Page MenuHomePhabricator

[BitcodeReader] Fix O(N^2) in placeholder replacement algorithm.
AcceptedPublic

Authored by efriedma on Sep 2 2020, 3:48 PM.

Details

Summary

The key here is to make sure we never RAUW a constant that's used by other constants. Since Constants form a DAG, this is just a matter of constructing the replacements and RAUW'ing the constants in the right order. Most of the complexity here is computing that order.

One thing that's a bit unfortunate about this algorithm is that it creates a couple DenseMaps which have only entry per replaced constant. So it uses significantly more memory than the previous algorithm. It might be possible to optimize this to some extent, but hopefully this doesn't matter in practice.

Fixes https://bugs.llvm.org/show_bug.cgi?id=47395 .

Diff Detail

Unit TestsFailed

TimeTest
1,180 mslinux > libarcher.parallel::parallel-nosuppression.c
Script: -- : 'RUN: at line 15'; /mnt/disks/ssd0/agent/llvm-project/build/./bin/clang -fopenmp -pthread -fno-experimental-isel -g -O1 -fsanitize=thread -I /mnt/disks/ssd0/agent/llvm-project/openmp/tools/archer/tests -I /mnt/disks/ssd0/agent/llvm-project/build/projects/openmp/runtime/src -L /mnt/disks/ssd0/agent/llvm-project/build/lib -Wl,-rpath,/mnt/disks/ssd0/agent/llvm-project/build/lib /mnt/disks/ssd0/agent/llvm-project/openmp/tools/archer/tests/parallel/parallel-nosuppression.c -o /mnt/disks/ssd0/agent/llvm-project/build/projects/openmp/tools/archer/tests/parallel/Output/parallel-nosuppression.c.tmp -latomic && env TSAN_OPTIONS='ignore_noninstrumented_modules=0' /mnt/disks/ssd0/agent/llvm-project/build/projects/openmp/tools/archer/tests/parallel/Output/parallel-nosuppression.c.tmp 2>&1 | tee /mnt/disks/ssd0/agent/llvm-project/build/projects/openmp/tools/archer/tests/parallel/Output/parallel-nosuppression.c.tmp.log | /mnt/disks/ssd0/agent/llvm-project/build/./bin/FileCheck /mnt/disks/ssd0/agent/llvm-project/openmp/tools/archer/tests/parallel/parallel-nosuppression.c

Event Timeline

efriedma created this revision.Sep 2 2020, 3:48 PM
Herald added a project: Restricted Project. · View Herald TranscriptSep 2 2020, 3:48 PM
efriedma requested review of this revision.Sep 2 2020, 3:48 PM

If the maps are typically small, would SmallDenseMap make sense?

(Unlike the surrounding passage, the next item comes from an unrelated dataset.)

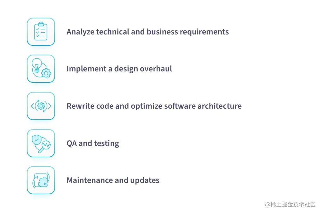 整个过程的最终费用范围是由整个过程和技术/业务的具体情况形成的。但最终的价格是与从头开始创建一个应用程序的价格差不多。完整的转换将花费同样多的时间,而所有的设计和代码检修程序都必须由全职的设计师和开发人员以类似于建立一个新的软件架构的方式进行。

resolveConstantForwardRefs() is called once per bitcode file. For bitcode file of any significant complexity, the list of placeholders probably won't fit in a SmallDenseMap.

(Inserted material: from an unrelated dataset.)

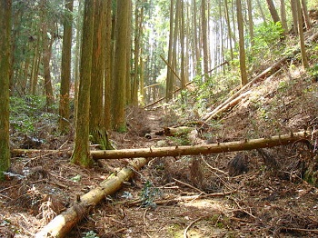 | 11:20 植林の中を進みます。至る所に倒木。頻繁には整備されていないようです。 |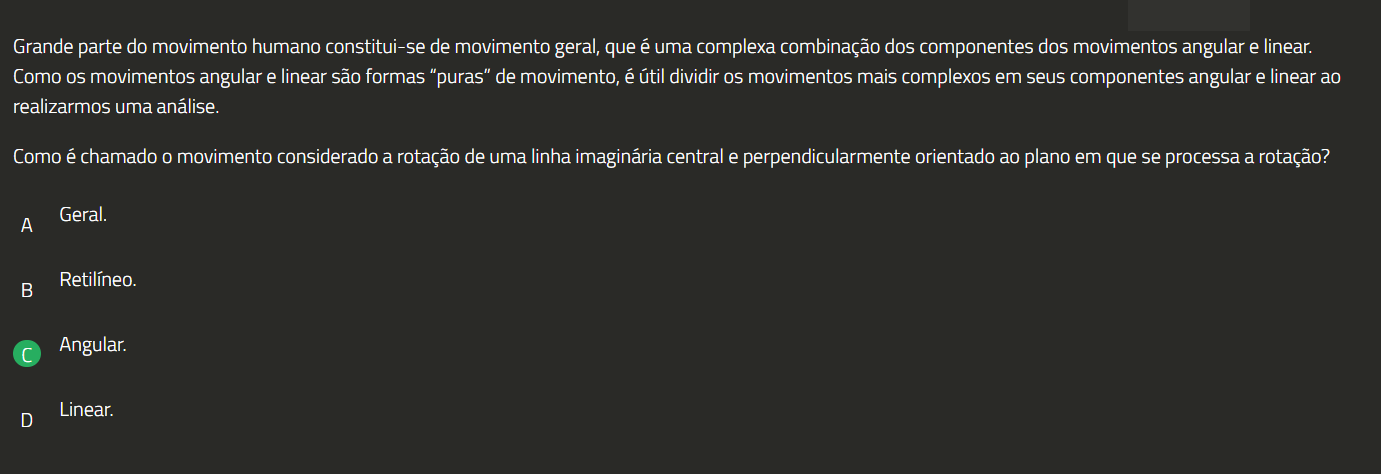Grande parte do movimento humano constitui-se de movimento geral, que é uma complexa combinação dos componentes dos movimentos angular e linear. Como movimentos angular e linear são formas "puras" de movimento, é útil dividir movimentos mais complexos em seus componentes angular e linear ao realizarmos uma análise. Como é chamado 0 movimento considerado a rotação de uma linha imaginária central e perpendicularmente orientado ao plano em que se processa a rotação? Geral. A Retilíneo. B Angular. Linear. D

I tried to review, but I'm too unfamiliar with this code at this point and won't have enough time to page-in the existing one and review the new one.

llvm/lib/Bitcode/Reader/ValueList.cpp
157

Nit: can you run git clang-format?

159

I think this lambda could be documented, or alternatively maybe renamed: alone it does not "count" but "increment" users' count.

214

auto->Value ?

Adding more potential reviewers. I'm not sure if anyone is familiar with this code, but others definitely have a better understanding of the data structures than me.

Also note that we got confirmation in PR47395 that the compile time went from 12 hours (!) back to 3 minutes, so this patch does solve the motivating bug.

OK, having a go at reviewing this (though likely you're about in the best position to assess this, Eli)...

So, the original code:

For each constant placeholder
  While there are still uses of the constant placeholder
    if the use isn't a constant, just change it to use the real value
    if the use is a constant
      walk all the operands of the user & update any that refer to placeholders
      make a new constant with the new list of operands
  replace the remaining non-constant users

You mention:

The key here is to make sure we never RAUW a constant that's used by other constants.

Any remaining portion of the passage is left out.